SNPs from the 2014 PGC schizophrenia GWAS were analysed for enrichment in each retinoid-related gene from the panel using Multi-Marker Analysis of Genomic Annotation (MAGMA) [30]. Briefly, P-values for SNPs mapped to retinoid genes are aggregated and their combined significance tested to derive a gene level measure of significance. Linkage disequilibrium between markers was accounted for in this framework with the 1000 Genomes Phase 3 European reference panel. Genes that demonstrated nominally significant association (PUncorrected < 0.05), were selected to test association of common and rare variant enrichment in the ASRB cohorts as they display evidence of a potential polygenic effect (Fig. 1). Tissue-specific expression of genes below the polygenic threshold relative to the rest of the retinoid panel was investigated using the GENE2FUNC component of FUMA [31]. A two-sided Fisher’s exact test tested the overrepresentation of these genes as loss-of-function intolerant (pLI > 0.9) [32]. The same approach was used to investigate enrichment of de novo variation in neuropsychiatric disorders (Possible, P< 0.05) as characterised in the neuropsychiatric de novo mutation database (NPdenovo, Supplementary Table 10) [33]. NPdenovo curated established de novo variants from sequencing studies across four neuropsychiatric phenotypes (schizophrenia, autism spectrum disorders, intellectual disability and epileptic encephalopathy), and calculated gene-wise association of de novo variation with each of the disorders (http://www.wzgenomics.cn/NPdenovo/).

Fig. 1
figure 1

Overview of investigation of the impact of common and rare variation in retinoid genes. Using gene ontology and the wider literature, a panel of 107 genes involved with retinoid biology were collated and tested for the aggregated effect of GWAS SNPs using MAGMA. An uncorrected threshold of P < 0.05 was used to delineate genes with evidence of a polygenic effect. Polygenic risk score (PRS) was then calculated in individuals for this retinoid panel. Retinoid PRS was associated with schizophrenia but did not disproportionately affect the cognitive deficit (CD) subtype. Rare variant association (MAF < 0.01%) from whole-genome sequencing was tested at gene level for each of the 22 genes using the SKAT-O framework.
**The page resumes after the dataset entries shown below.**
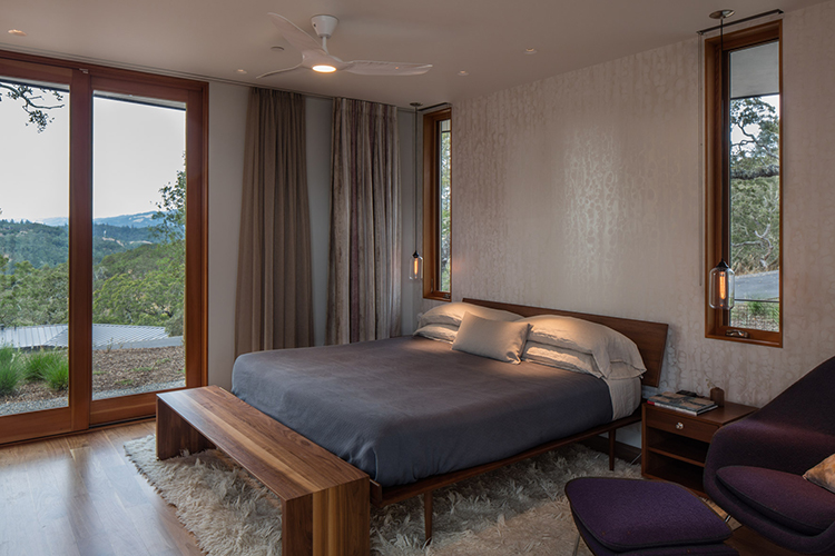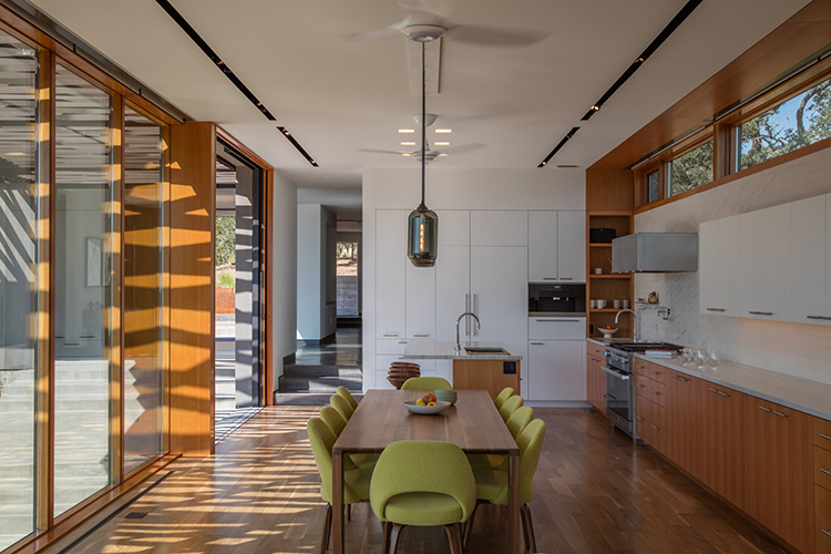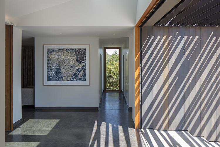 Key among those was creating a dual perspective of the house. Upon arrival, the house is tucked into the hillside, low slung and blending into the ridge lines with its cedar siding stained a lovely gray and understated windows. But upon entering the home a magnificent view unfolds of hills, valleys and oaks. Schwartz reflects, “We wanted to preserve and intensify that sense of arrival on the site.”
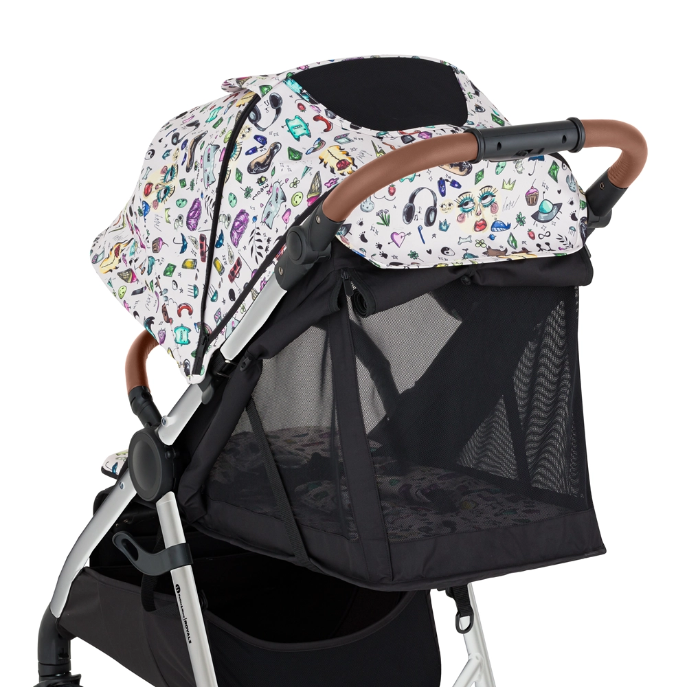 Limitirana kolekcija Limited 100 donosi svjež dizajn mladih autora u grad i prirodu. Royal 3 u verziji Silver Tattoo ističe se čvrstom aluminijskom konstrukcijom elegantnog izgleda, smeđim detaljima od eko‑kože i praktičnim punogumenim kotačima sa stilskim bijelim rubom. Zahvaljujući sustavu Panoramic Ventilation kolica se prozračuju s tri strane, pa djetetu osiguravaju ugodnu klimu i po vrućini.
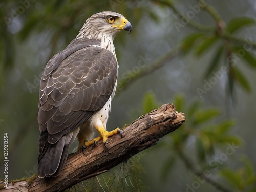 © Jzef, Fototapeta premium Majestic Rested Goshawk Buzzard Perched in Tree Close Up Wildlife Photography
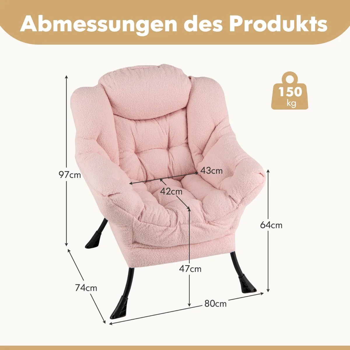 - Minkštas Sherpa paminkštinimas ir PP medvilnės užpildas gerina sėdėjimo komfortą.
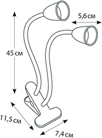 Светильник Uniel TLI на прищепке с 2 патронами Е27 на гибких ножках предназначен для использования с фитолампами.
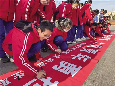 本报讯 (记者 孙露) 为了向广大团员青年传递节约粮食的重要性,激发青少年对粮食安全的责任感和使命感,近日,团市委、市学联在大同二十二中开展了“青春守护中国粮 大同青年勇担当”条幅签名活动,通过宣传和引导,让更多青少年养成文明健康绿色环保的生活习惯,主动加入到节粮爱粮队伍,营造浪费可耻、节约光荣的浓厚氛围。
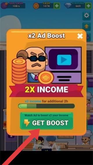 1、顯示“x2AdBoost”功能,可通過觀看廣告獲得2小時2倍收入(2XINCOME),是提升收益、推進(jìn)經(jīng)營的常見廣告激勵機(jī)制。
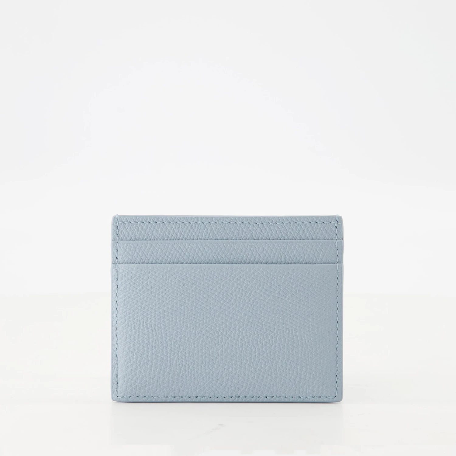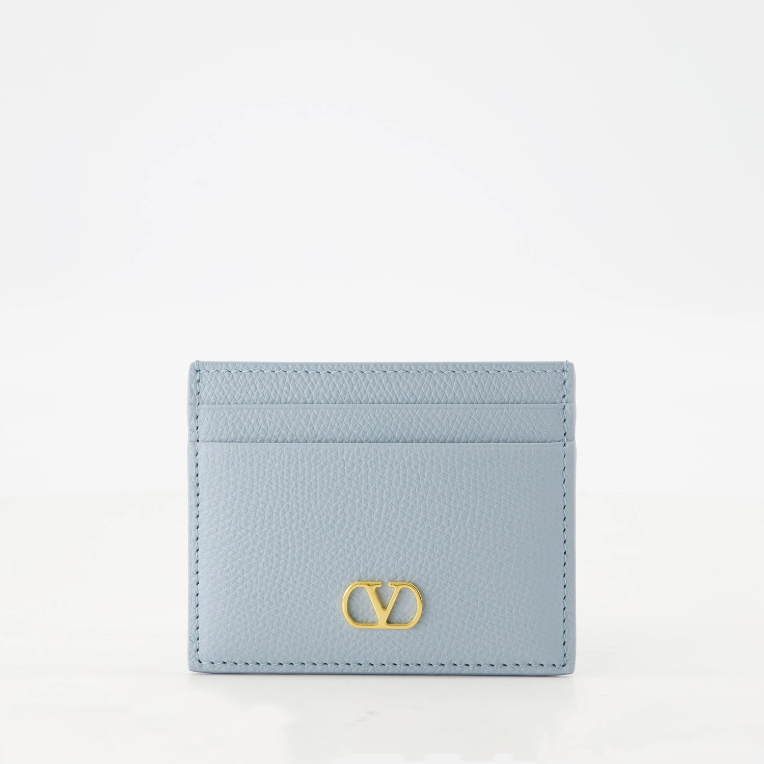 Porte-cartes VLogo en cuir bleu de Valentino Garavani, conçu pour les femmes. Cette pièce fait partie de la collection Printemps-Été 2025 et est réalisée en cuir grainé avec le VLogo Signature.
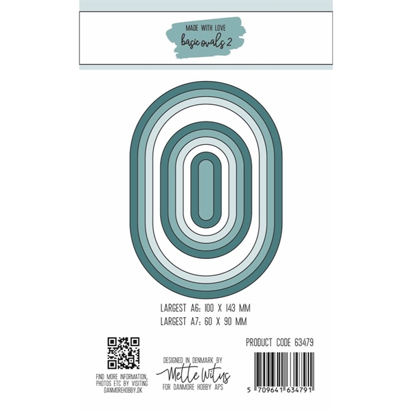 Basic Ovals 2 fra Made With Love indeholder 10 ovale dies. 4 i A6 format og 6 i A7 format.
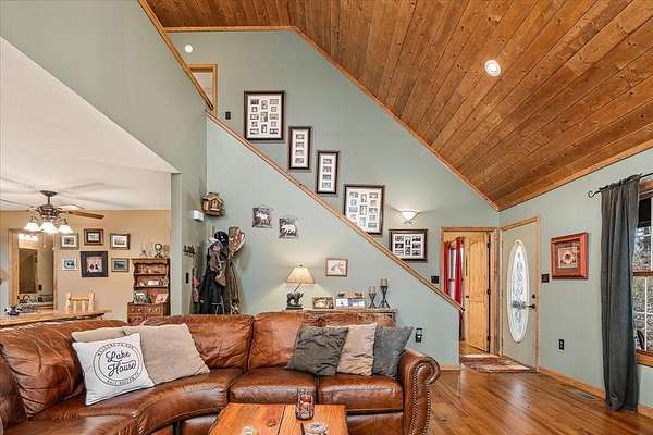 Home and Xtra lot!! Looking for Mountain View? Lake view? Family log cabin in the woods? This is it! Much loved lake home is now available for generations of Dale Hollow Lake lovers to enjoy. Great design with main level master suite, open concept floor plan (soaring ceiling) living room (stone Fireplace), dining and kitchen (granite tops, island, Hickory cabinets.) and laundry. Travel upstairs to loft bedroom, a 3rd bedroom and full bath. Lower level is full finished walk out basement with den, full bath, family/game room (gas fireplace) and office/extra sleep space. Exterior covered lake view deck (main level), Lake view patio lower level and two car detached garage (24x24) for boats/lake toys. Location beautiful Cornerstone neighborhood of Dale Hollow Lake with Willow Grove Marina just 15 minutes, Livingston city for shopping and healthcare 15 minutes. Lot 25 E. Sunset Blvd included in purchase.
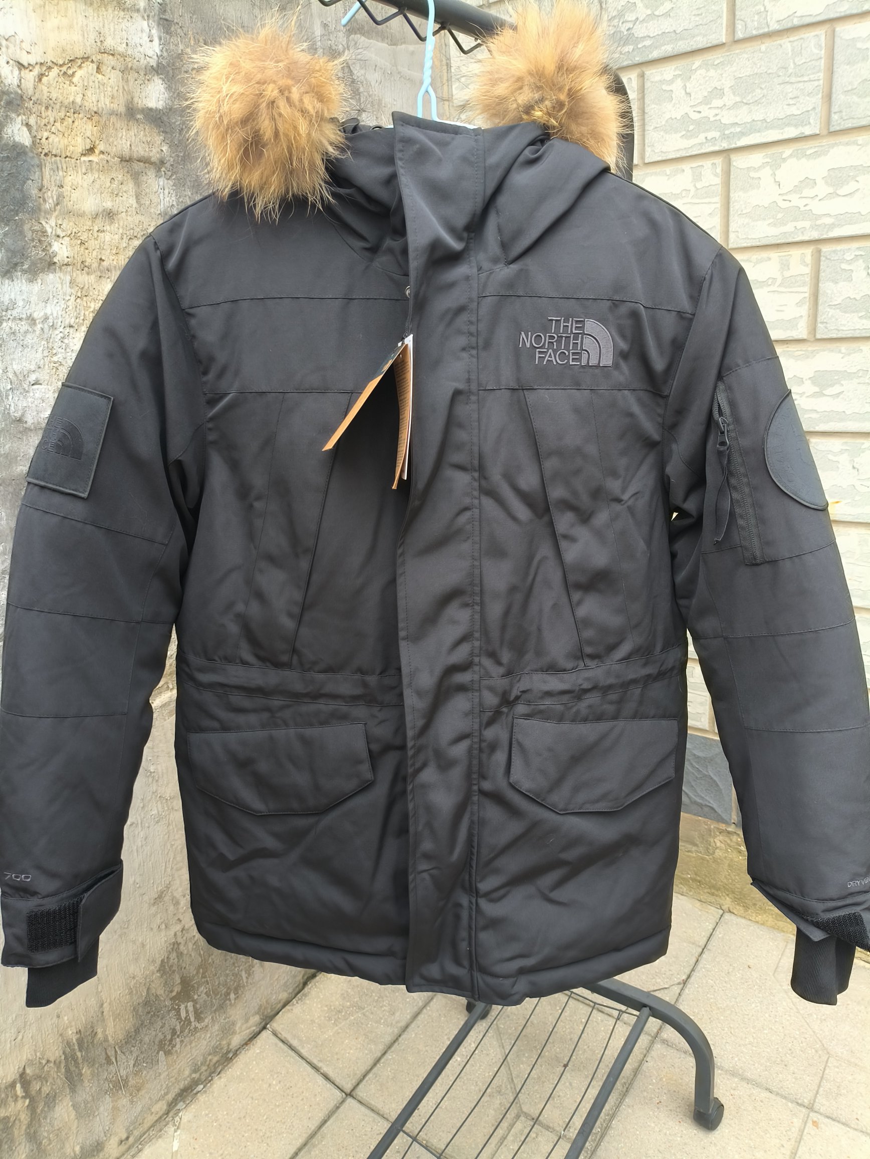 Top-grade The North Face jacket with real raccoon fur collar, 90% white duck down filling, waterproof fabric. Colors: black, yellow. Sizes: S-2XL.
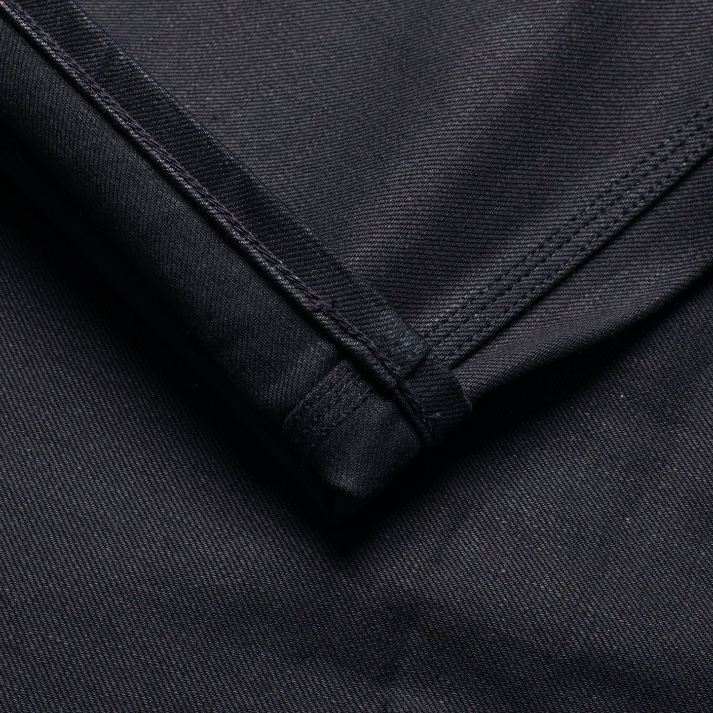 The 11.5oz denim uses an indigo/black warp & weft, which, initially gives them a midnight blue, verging on black natural state. After washing and repeated wear, the shade lightens; glowing a rich blue on a black background before revealing the natural while cotton.
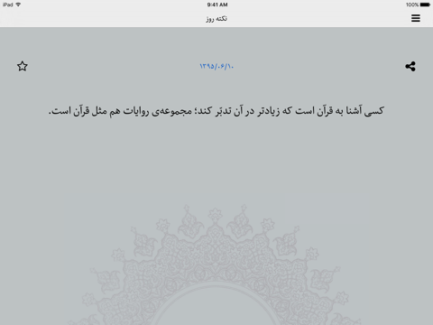 I really thanks the developer of this app. May god reward him! I recommend everyone to download this app and use it. I want to ask the developer of this app and all those who develop app to plz plz plz design more Islamic and Shia apps and add more languages ( most important English ) thanks خيلي عالي دست طراح اين اپ واقعأ درد نكنه. به اميد اپ هاي مفيد و بيشتر شما در آينده.
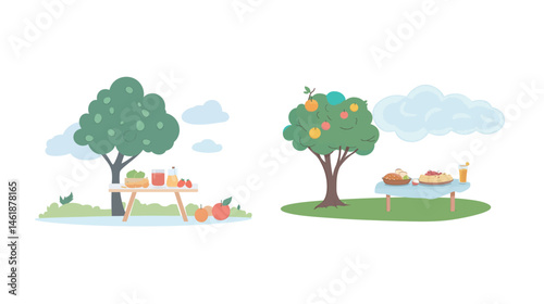 Cloudy sky over a suburban backyard, with a tree standing next to a table, creating a peaceful and serene outdoor scene, ideal for nature, relaxation, and suburban lifestyle themes.
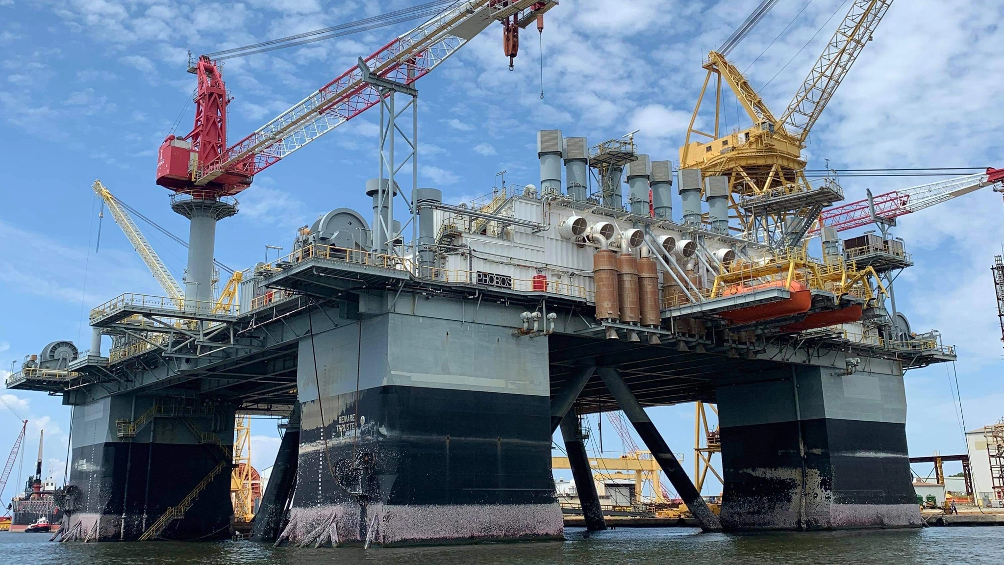 Глубоководная погружная буровая установка Ensco 8500 и один из вариантов морской стартовой платформы Деймос для системы Super Heavy – Starship. Первый пуск запланирован на 2022 г. Фото: Vivek Prakash, Kendall Dirks

The retinoic acid receptor gene RARB was significantly associated with the CD population, but there were no significant gene level signals for the full case cohort (cognitively mixed) relative to controls

Polygenic risk score in retinoid genes implicated by GWAS

Genome-wide polygenic risk score (PRS) was calculated for each subject in the array cohort using the PGC2 schizophrenia GWAS summary statistics with PRSice-2 default parameters [34]. The flag --fastscore calculated PRS at eight P-value thresholds (PT) – PT = 1 × 10−5, 1 × 10−3, 0.05, 0.1, 0.2, 0.3, 0.5. Enrichment of PRS in schizophrenia was tested relative to controls, as well as between the two schizophrenia cognitive subtypes (CD/CS), using binomial logistic regression adjusted for sex and the first three principal components. Nagelkerke’s R2 was utilised to select the PT, which fit best in each model. Variants mapped to the 22 retinoid genes with evidence of gene level association (MAGMA P < 0.05) were extracted to construct a retinoid PRS (PRSRet). The association of PRSRet in schizophrenia relative to controls and, in CD cases relative to CS, was tested using the same logistic regression model but additionally covaried for genome-wide PRS, which was depleted of variants mapped to the 22 retinoid genes. We assessed enrichment of PRSRet using a χ2 test of residual deviance between two logistic regression models constructed with the glm function in R version 3.3.3. The models are outlined below where y is affection status, i.e., either case vs control or CD vs CS.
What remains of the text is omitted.